An audit of the City of Boston Fire Department recommends the city spend more than $22 million to replace 29 units in the Fire Department that are more than 15 years old.
It also recommends the department establish a 15-year replacement plan for front-line apparatus that also provides a planned expenditure over a period of years to catch up on replacements for vehicles that are more than 15 years old.
The audit surveyed target replacement cycles of fire departments around the country to come up with the 15-year replacement target. Boston’s fire apparatus has an effective cycle of 22-23 years. Of the 54 pumpers in the fleet, 20 are older than 15 years, and of the 31 ladder trucks, 9 are more than 15 years old. Auditors estimated new pumpers would cost $750,000 each while new ladder trucks would cost $850,000 each.

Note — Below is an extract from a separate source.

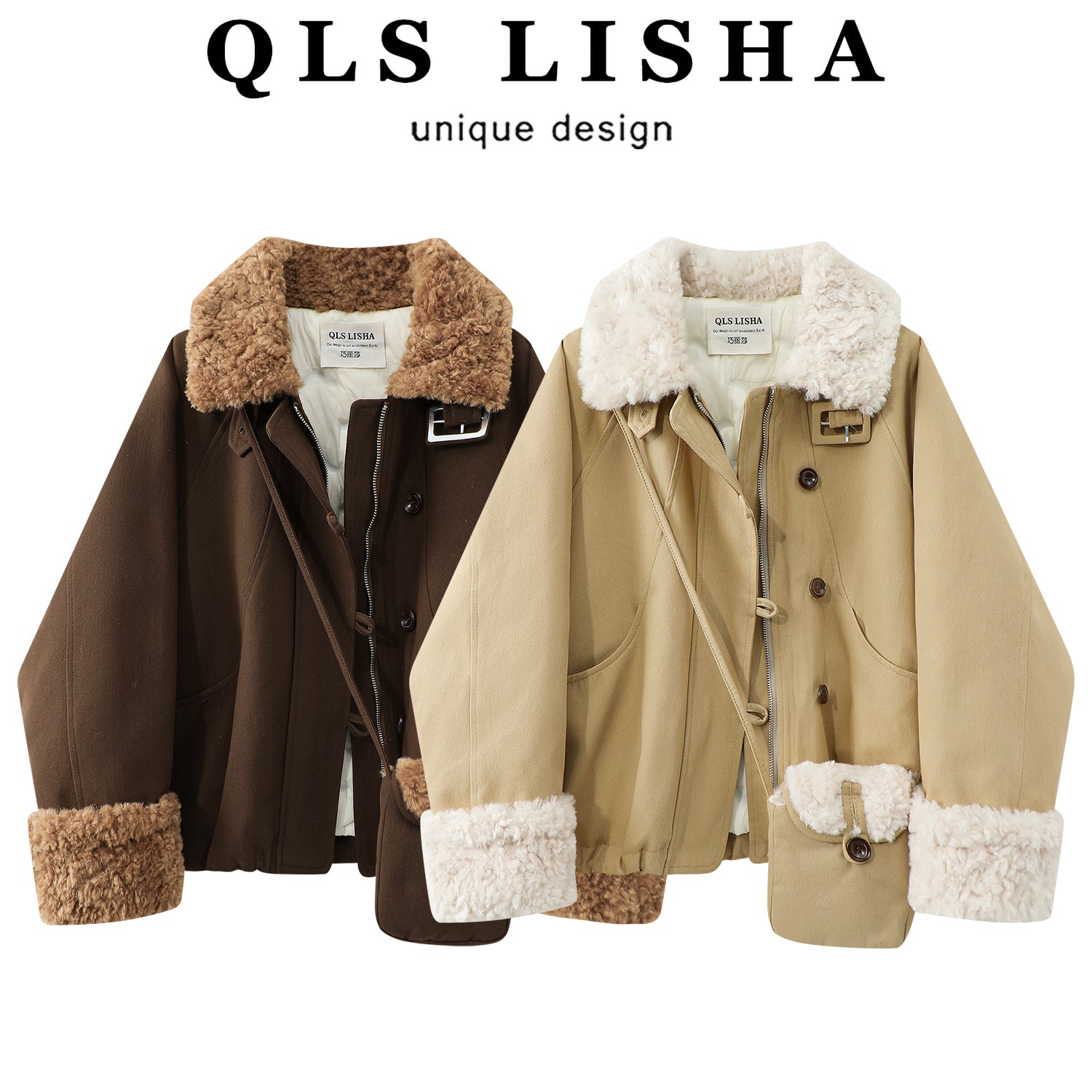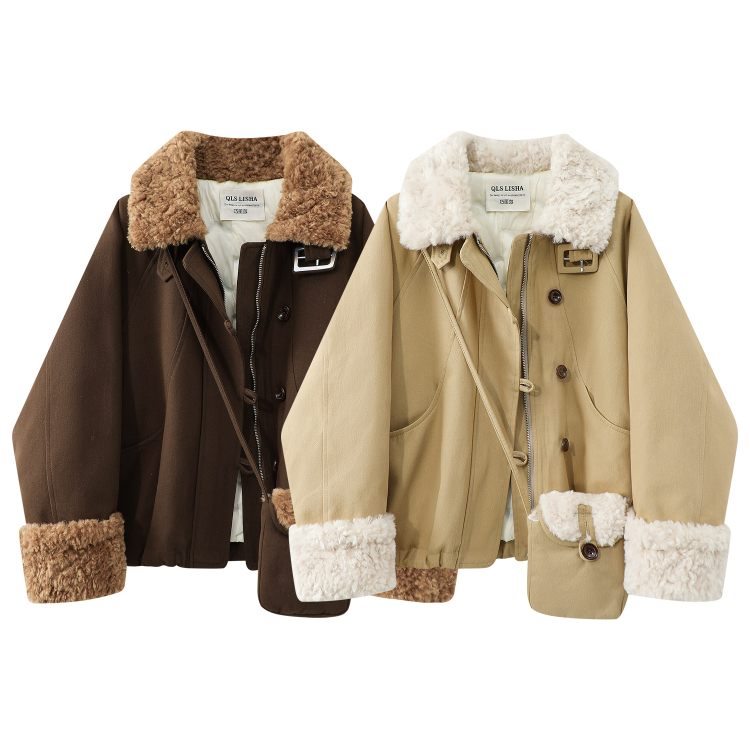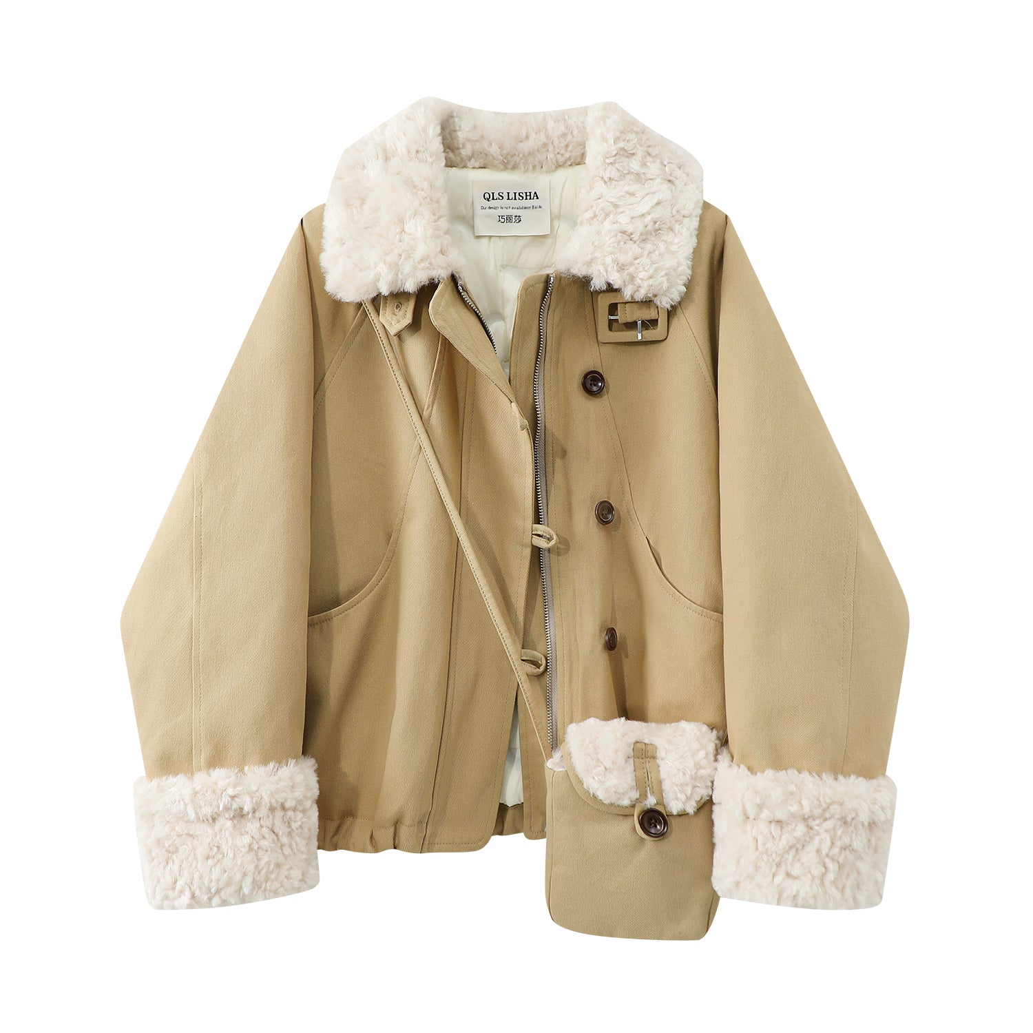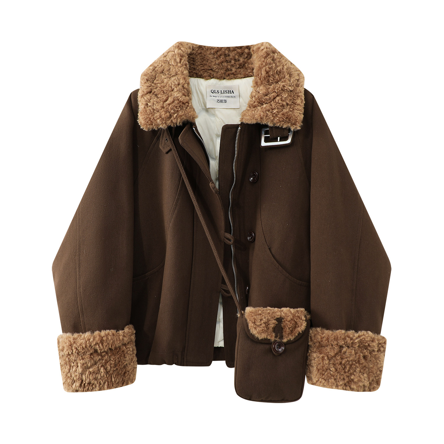 Cholisa-nın quzu yun yaxası ilə qışın əvvəlində qalın paltosu, isti iş geyimi üslubunda aşağıdan hazırlanmış parka qısa topu, qadınlar üçün

A newer fleet would reduce the amount of maintenance required as well as downtime.
The report also stated that the Fire Department's Transportation Division should fully utilize its Dossier fleet management information system and discontinue the practice of dispatching heavy repair mechanics to fire scenes except in cases of specific requests.
The Transportation Division has six heavy motor repair mechanics, three foremen, and one automotive technician who maintain 314 light and heavy units.
Matrix Consulting Group performed the audit, completing it July 2015. According to NCEN, Boston Mayor Marty Walsh commissioned the audit.